Old Gas & Seatbelts

2013-07-10T00:00:00Z Old Gas & Seatbelts Steering You Right with Sharon Peters By Sharon L. Peters CTW Features nwitimes.com

Q: I need to know how to dispose of old gasoline, please. My late husband always kept a five-gallon container of gas for emergencies and now I’ve discovered an almost-full container that must be at least eight years old. I won’t put it in my car because it’s so old, but I need to get rid of it to put the house on the market.

A: Call your county or city hazardous waste collection facility and ask if they’re set up to take it. Most are. Mine is.
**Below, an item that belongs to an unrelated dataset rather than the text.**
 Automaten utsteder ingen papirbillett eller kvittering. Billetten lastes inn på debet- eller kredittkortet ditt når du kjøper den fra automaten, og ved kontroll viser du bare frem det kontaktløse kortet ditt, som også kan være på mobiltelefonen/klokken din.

And I called six others around the country and they all say they accept it as well.

Q: We just returned from visiting relatives in rural Missouri and we were once again shocked, as we are every time we go there, by the lack of seatbelt use. Teenagers, grandpas, parents – a pretty big percentage we encountered (in our family or among their friends or at gatherings) didn’t wear seatbelts. Which led us to wonder if there is as marked a difference between the seatbelt habits of city dwellers and country folks as we think.
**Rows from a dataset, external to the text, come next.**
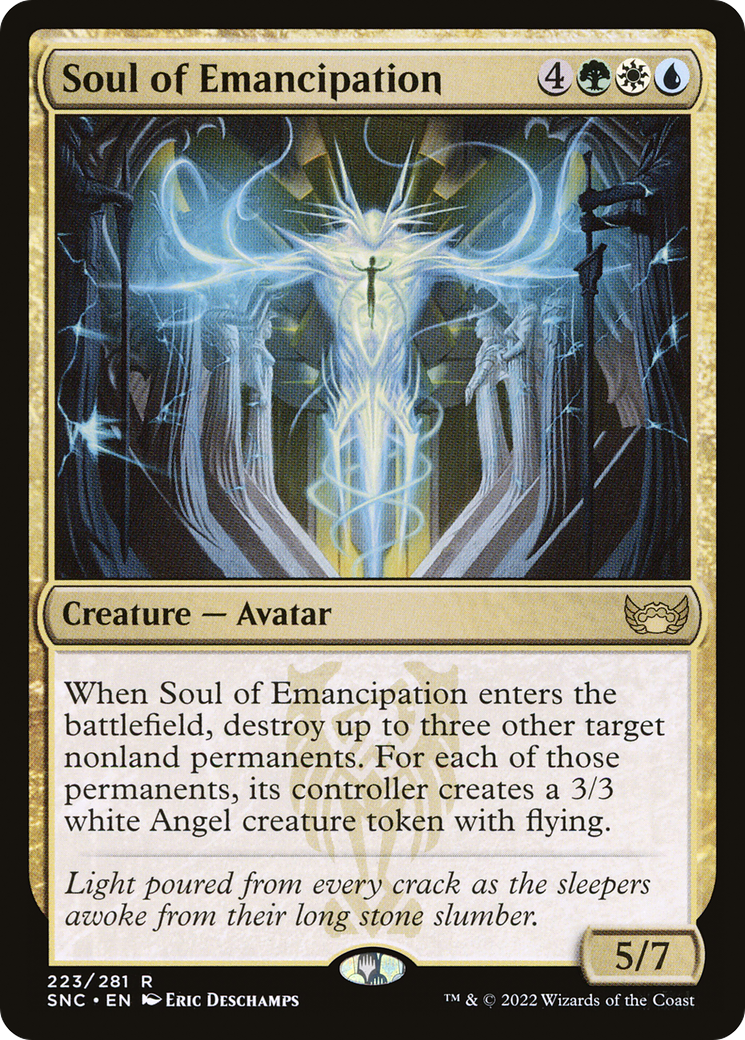 When Soul of Emancipation enters the battlefield, destroy up to three other target nonland permanents. For each of those permanents, its controller creates a 3/3 white Angel creature token with flying.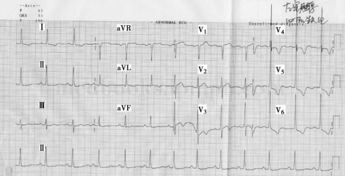图1 窦性心律,V1~V3导联ST段略有抬高,V4~V6导联ST段下移,T波倒置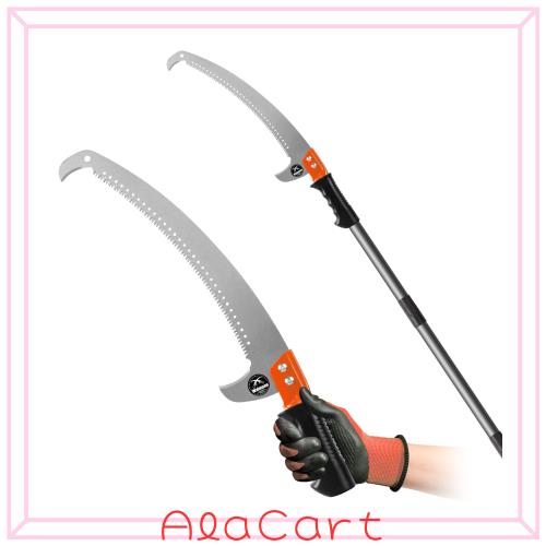 【安全保証と耐久性のある素材】:ポールは高品質のスチールで作られ、パウダーコートが施されています。また、ノコギリの刃は錆びにくいMn鋼で作られています。滑り止めハンドルグリップは快適で安全です。このポールソーは、梯子に登ることなく、高い位置の枝や葉を剪定するのに十分な強度があります。ハンドルの追加補強ネジにより、ソーヘッドがポールに十分に締まり、落下による危険がありません。

A: Your observation is confirmed by the feds. Although plenty of country folk wear seatbelts, The National Highway Traffic Safety Administration says the three groups least likely to wear seatbelts are young males, pickup truck drivers and people who live in rural areas.

Q: At a car show we walked past, but did not stop to learn about, a display of CNG vehicles, which I assume are “green.” What are they?

A: CNG vehicles are Compressed Natural Gas vehicles, and I’m guessing the display you saw was sponsored by the Natural Gas Alliance, which is doing a lot of outreach and information sharing.

Commercial fleets (think city buses, for example, and garbage trucks) have been using this fuel for quite some time. But passenger cars are extremely limited. That may change in the not-too-distant future, as natural gas is cleaner and cheaper than gasoline, and officials from about half the states across the nation have united to press car manufacturers to develop affordable vehicles powered by natural gas. Time will tell if some of the obstacles – too-few fueling sites and higher sticker price among them – will be overcome by more attention.